[Opening RECORDS FOR THE TASK section]
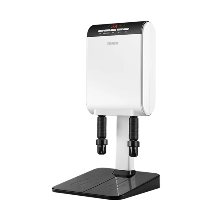 Мощная сушилка для обуви на 190 Вт с функциями дезодорации и стерилизации. Размеры устройства 48×28×19 см. Система включает озоновую дезинфекцию и анионную стерилизацию, что обеспечивает комплексную обработку обуви.
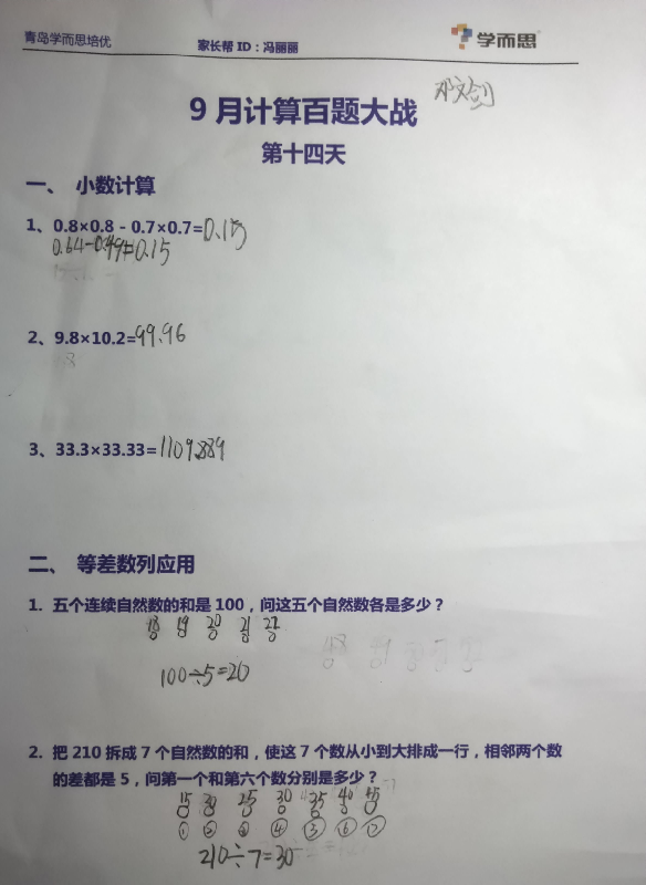 青岛四年级9月23日计算和几何试题及答案(2)
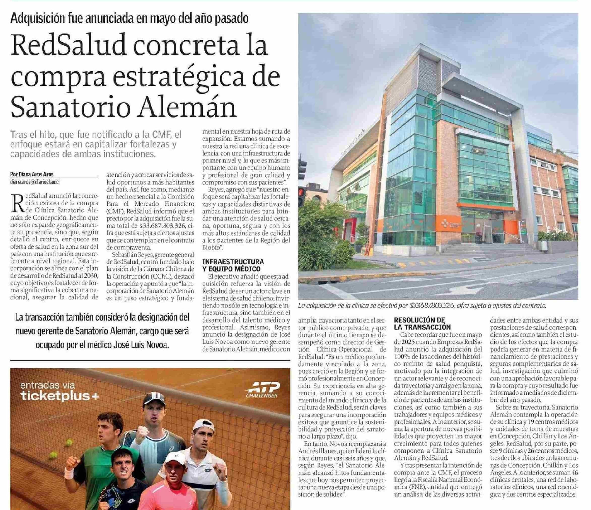 Título: RedSalud concreta la compra estratégica de Sanatorio Alemán
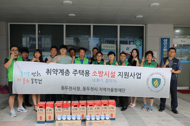동두천시는 수급자, 차상위, 독거노인, 한부모 가정 등 화재대응 취약계층 204세대를 선정하여, 동두천시 지역자율방재단, 의용소방대와 함께 지난 7월부터 8월 말까지 소화기 196대를 배부하고, 화재감지기 497대를 설치할 예정이다.
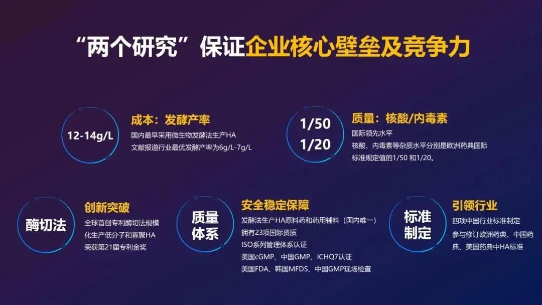 自从采取微生物发酵法后,透明质酸的产量得到快速增长,华熙生物生产的透明质酸也开始出口到日本以及欧美等国,2007年成为全球规模最大的透明质酸生产商。正是通过技术与资质壁垒,华熙生物目前坐稳了玻尿酸行业老大的地位,快速反超欧美日韩等国、引领全球,全面实现"国产替代",推动行业实现高质量发展,也产生了巨大的经济效益。
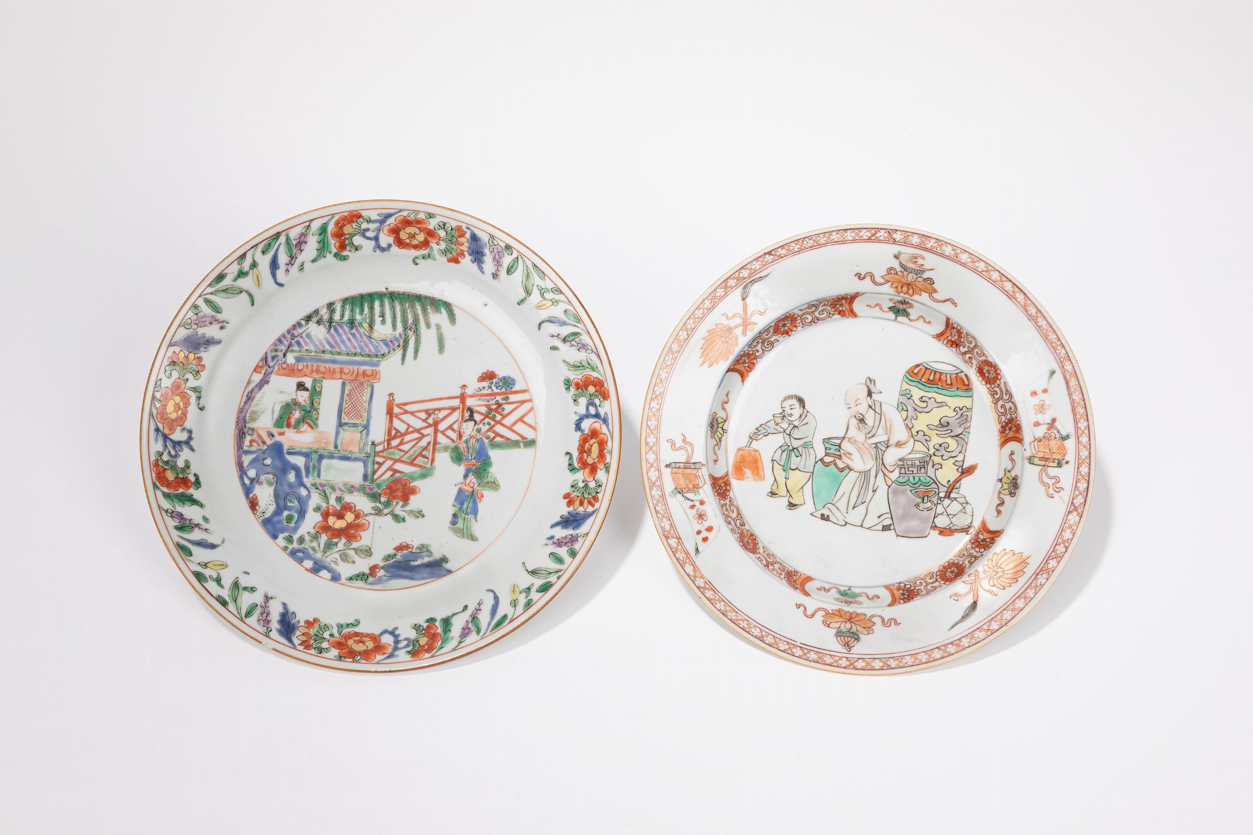 d cm 23 Cina, dinastia Qing, XVIII secolo Uno decorato con una classica scena di 'Long Eliza'; l'altro con un saggio e un attendente tra oggetti antichi, il retro decorato con quattro fiori in rosso ferro.Provenienza: da una collezione privata toscana.
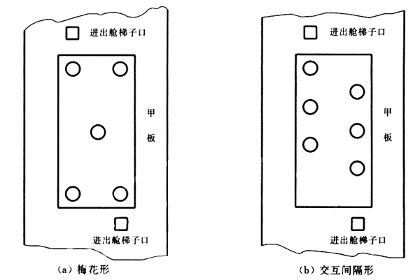 在艙內平面作業方向按圖2(a)或圖2(b)安排檢測點。各檢測點在垂直方向按上、中、下安排三個檢測點(同圖1)進行檢測。人員進入貨艙人孔時,仍按圖1的檢測點進行檢測。
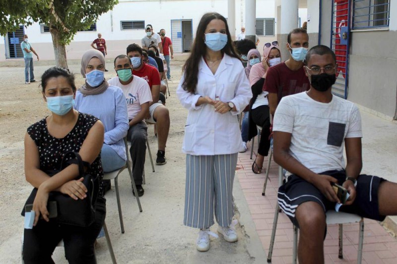 طابور منتظري اللقاح في إحدى ضواحي العاصمة التونسية. (وكالات)
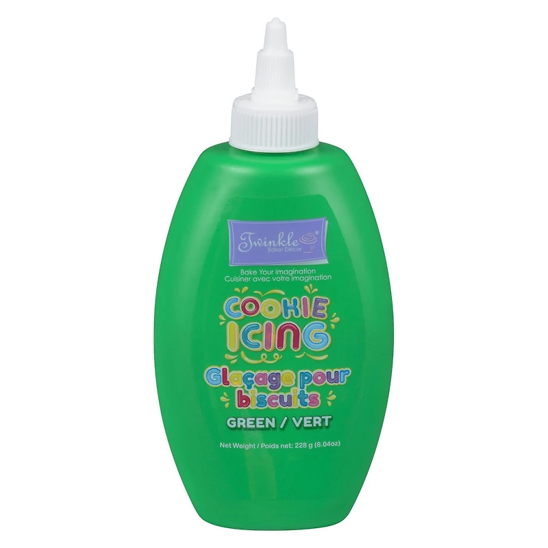 Twinkle’s Green Cookie Icing comes in a resealable bottle to ensure freshness, with an easy-to-use nozzle, write messages and draw unique designs on your baked goods. Make the most out of your personalized baked treats by pairing Twinkle Cookie Icing with other Twinkle baker décor products. Other cookie icing colours also available and are peanut free, nut free and gluten free.
[Closing RECORDS FOR THE TASK section]
= WHAT TO DO =
Reprint each of the records exactly and skip the images.

= SOLUTION TO THE PROBLEM =
 Мощная сушилка для обуви на 190 Вт с функциями дезодорации и стерилизации. Размеры устройства 48×28×19 см. Система включает озоновую дезинфекцию и анионную стерилизацию, что обеспечивает комплексную обработку обуви.
 青岛四年级9月23日计算和几何试题及答案(2)
 Título: RedSalud concreta la compra estratégica de Sanatorio Alemán
동두천시는 수급자, 차상위, 독거노인, 한부모 가정 등 화재대응 취약계층 204세대를 선정하여, 동두천시 지역자율방재단, 의용소방대와 함께 지난 7월부터 8월 말까지 소화기 196대를 배부하고, 화재감지기 497대를 설치할 예정이다.
 自从采取微生物发酵法后,透明质酸的产量得到快速增长,华熙生物生产的透明质酸也开始出口到日本以及欧美等国,2007年成为全球规模最大的透明质酸生产商。正是通过技术与资质壁垒,华熙生物目前坐稳了玻尿酸行业老大的地位,快速反超欧美日韩等国、引领全球,全面实现"国产替代",推动行业实现高质量发展,也产生了巨大的经济效益。
 d cm 23 Cina, dinastia Qing, XVIII secolo Uno decorato con una classica scena di 'Long Eliza'; l'altro con un saggio e un attendente tra oggetti antichi, il retro decorato con quattro fiori in rosso ferro.Provenienza: da una collezione privata toscana.
 在艙內平面作業方向按圖2(a)或圖2(b)安排檢測點。各檢測點在垂直方向按上、中、下安排三個檢測點(同圖1)進行檢測。人員進入貨艙人孔時,仍按圖1的檢測點進行檢測。
 طابور منتظري اللقاح في إحدى ضواحي العاصمة التونسية. (وكالات)
 Twinkle’s Green Cookie Icing comes in a resealable bottle to ensure freshness, with an easy-to-use nozzle, write messages and draw unique designs on your baked goods. Make the most out of your personalized baked treats by pairing Twinkle Cookie Icing with other Twinkle baker décor products. Other cookie icing colours also available and are peanut free, nut free and gluten free.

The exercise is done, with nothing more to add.